What is required: From the first line to the last, restate the material word for word, omitting pictures.

Information supplied:
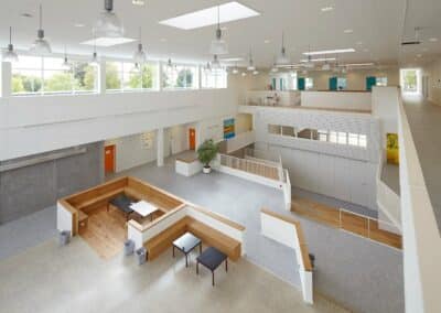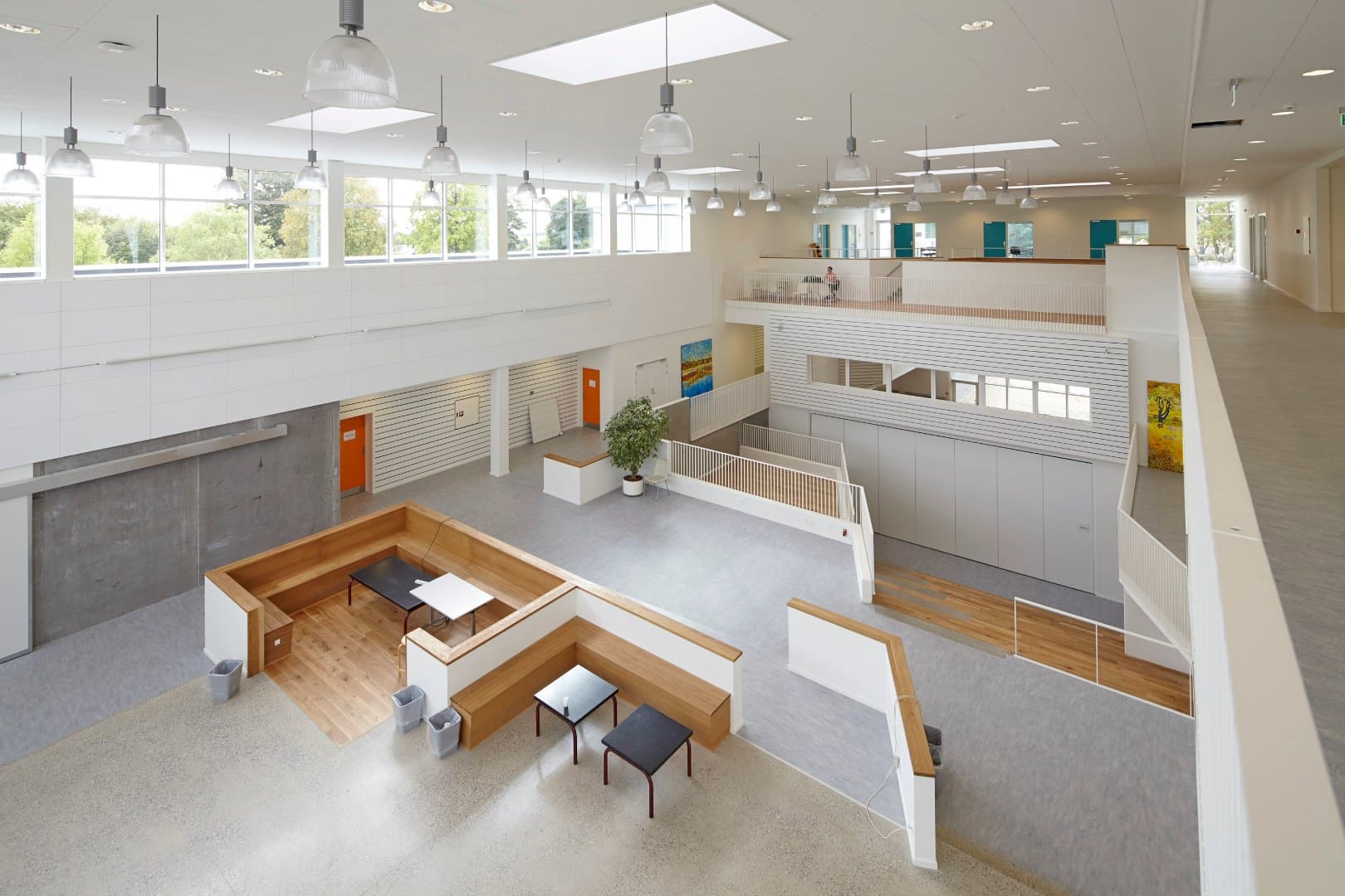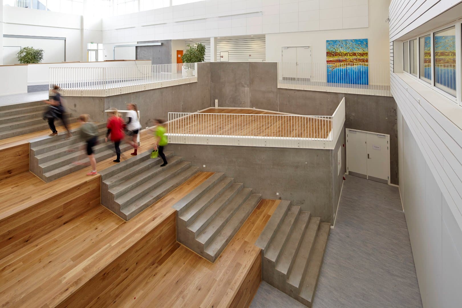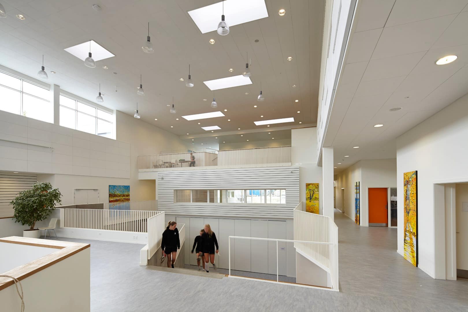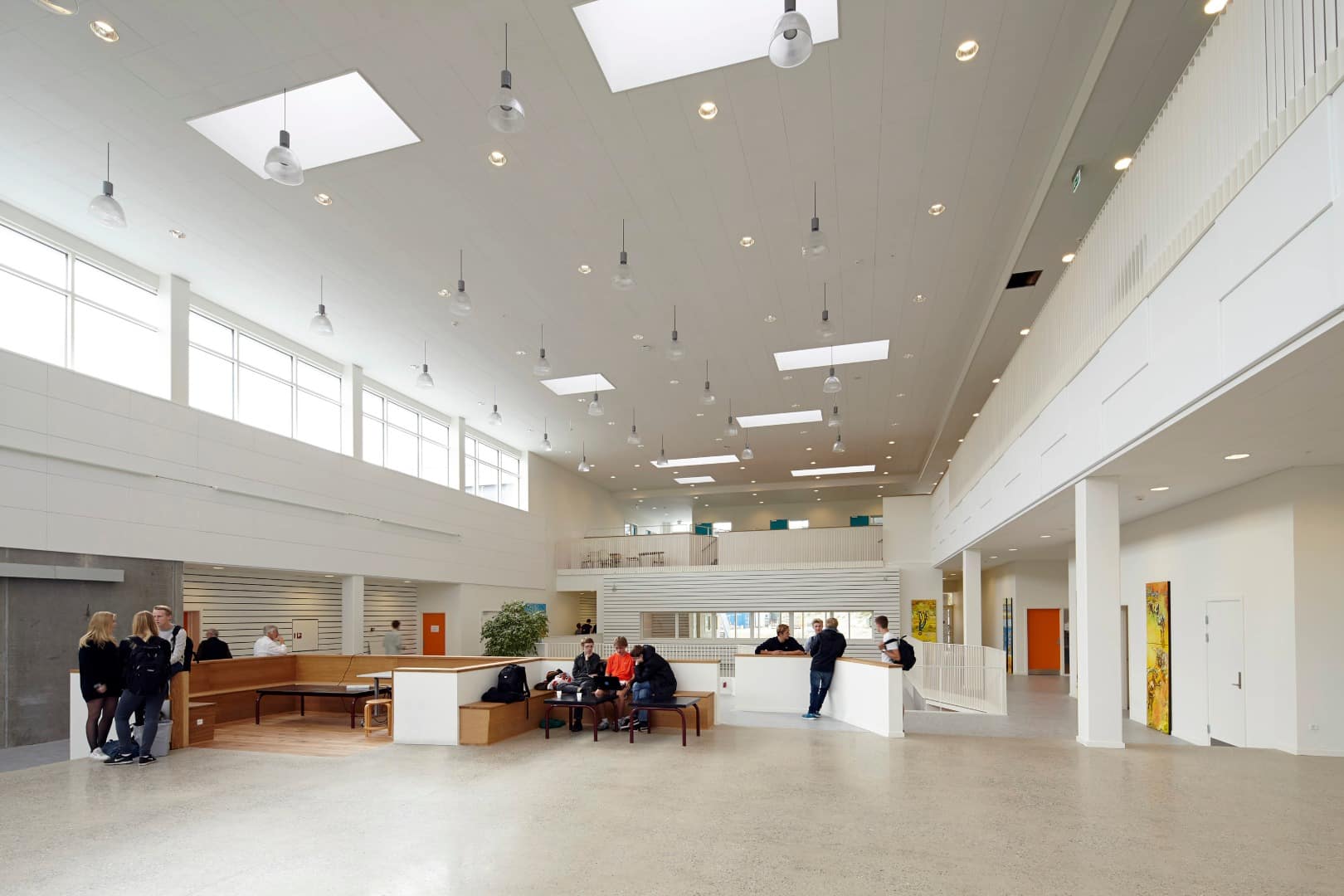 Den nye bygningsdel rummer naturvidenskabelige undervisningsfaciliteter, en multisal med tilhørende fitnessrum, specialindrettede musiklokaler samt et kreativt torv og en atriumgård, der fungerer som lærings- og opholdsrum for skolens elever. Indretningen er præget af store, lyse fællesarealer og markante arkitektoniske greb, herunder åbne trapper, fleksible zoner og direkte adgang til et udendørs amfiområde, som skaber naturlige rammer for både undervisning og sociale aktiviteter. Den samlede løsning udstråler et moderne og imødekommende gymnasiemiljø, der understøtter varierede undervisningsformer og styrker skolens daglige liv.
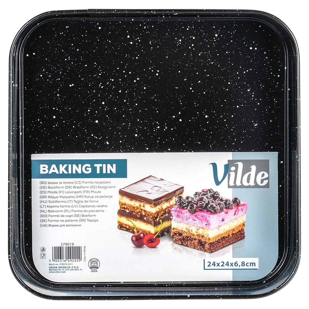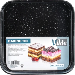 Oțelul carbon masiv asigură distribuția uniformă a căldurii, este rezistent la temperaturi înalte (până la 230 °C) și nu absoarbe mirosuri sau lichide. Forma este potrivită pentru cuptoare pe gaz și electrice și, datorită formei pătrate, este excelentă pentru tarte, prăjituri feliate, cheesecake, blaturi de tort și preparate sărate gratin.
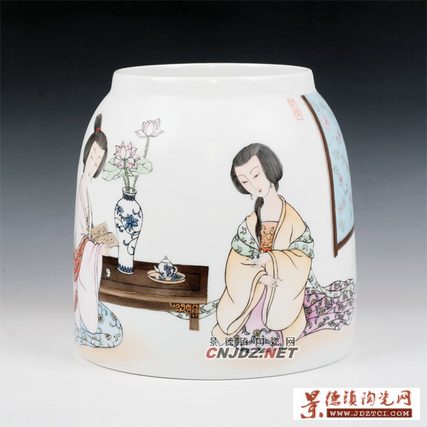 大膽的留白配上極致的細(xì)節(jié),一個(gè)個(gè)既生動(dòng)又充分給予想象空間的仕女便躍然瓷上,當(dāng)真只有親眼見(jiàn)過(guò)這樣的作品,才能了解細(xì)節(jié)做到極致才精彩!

Exercise response:
 Den nye bygningsdel rummer naturvidenskabelige undervisningsfaciliteter, en multisal med tilhørende fitnessrum, specialindrettede musiklokaler samt et kreativt torv og en atriumgård, der fungerer som lærings- og opholdsrum for skolens elever. Indretningen er præget af store, lyse fællesarealer og markante arkitektoniske greb, herunder åbne trapper, fleksible zoner og direkte adgang til et udendørs amfiområde, som skaber naturlige rammer for både undervisning og sociale aktiviteter. Den samlede løsning udstråler et moderne og imødekommende gymnasiemiljø, der understøtter varierede undervisningsformer og styrker skolens daglige liv.
 Oțelul carbon masiv asigură distribuția uniformă a căldurii, este rezistent la temperaturi înalte (până la 230 °C) și nu absoarbe mirosuri sau lichide. Forma este potrivită pentru cuptoare pe gaz și electrice și, datorită formei pătrate, este excelentă pentru tarte, prăjituri feliate, cheesecake, blaturi de tort și preparate sărate gratin.
 大膽的留白配上極致的細(xì)節(jié),一個(gè)個(gè)既生動(dòng)又充分給予想象空間的仕女便躍然瓷上,當(dāng)真只有親眼見(jiàn)過(guò)這樣的作品,才能了解細(xì)節(jié)做到極致才精彩!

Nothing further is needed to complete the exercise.